◆ Exercise description ◆
Below is some data. Retype exactly the lines starting at the one with "F655 Tremolite är" and ending at the one with "50m走、ソフトボール投げ、".

◆ Dataset extract ◆
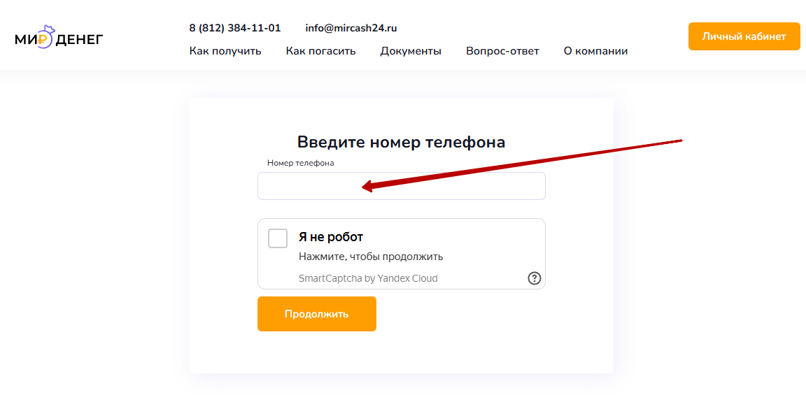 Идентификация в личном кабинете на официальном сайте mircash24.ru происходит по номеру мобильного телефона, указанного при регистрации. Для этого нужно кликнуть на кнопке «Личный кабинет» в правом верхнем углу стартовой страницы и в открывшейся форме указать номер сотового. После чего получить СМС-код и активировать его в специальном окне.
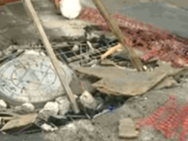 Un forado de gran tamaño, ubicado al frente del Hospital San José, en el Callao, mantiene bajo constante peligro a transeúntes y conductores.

* * *

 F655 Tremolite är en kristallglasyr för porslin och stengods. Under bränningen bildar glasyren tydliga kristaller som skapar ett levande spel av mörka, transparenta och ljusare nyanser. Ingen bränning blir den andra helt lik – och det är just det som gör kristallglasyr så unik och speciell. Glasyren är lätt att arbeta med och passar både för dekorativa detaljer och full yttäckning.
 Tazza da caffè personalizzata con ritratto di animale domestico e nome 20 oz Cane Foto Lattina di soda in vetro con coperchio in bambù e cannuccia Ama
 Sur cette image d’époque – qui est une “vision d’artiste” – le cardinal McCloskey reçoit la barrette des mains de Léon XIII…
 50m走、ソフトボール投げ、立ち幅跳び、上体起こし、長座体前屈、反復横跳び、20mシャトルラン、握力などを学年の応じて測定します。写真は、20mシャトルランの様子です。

==

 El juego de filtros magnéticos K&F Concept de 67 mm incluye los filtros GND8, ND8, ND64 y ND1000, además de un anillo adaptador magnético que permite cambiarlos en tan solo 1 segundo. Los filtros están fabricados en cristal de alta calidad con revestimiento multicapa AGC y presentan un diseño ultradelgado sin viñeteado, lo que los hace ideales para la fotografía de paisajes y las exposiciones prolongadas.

◆ Solution below ◆
 F655 Tremolite är en kristallglasyr för porslin och stengods. Under bränningen bildar glasyren tydliga kristaller som skapar ett levande spel av mörka, transparenta och ljusare nyanser. Ingen bränning blir den andra helt lik – och det är just det som gör kristallglasyr så unik och speciell. Glasyren är lätt att arbeta med och passar både för dekorativa detaljer och full yttäckning.
 Tazza da caffè personalizzata con ritratto di animale domestico e nome 20 oz Cane Foto Lattina di soda in vetro con coperchio in bambù e cannuccia Ama
 Sur cette image d’époque – qui est une “vision d’artiste” – le cardinal McCloskey reçoit la barrette des mains de Léon XIII…
 50m走、ソフトボール投げ、立ち幅跳び、上体起こし、長座体前屈、反復横跳び、20mシャトルラン、握力などを学年の応じて測定します。写真は、20mシャトルランの様子です。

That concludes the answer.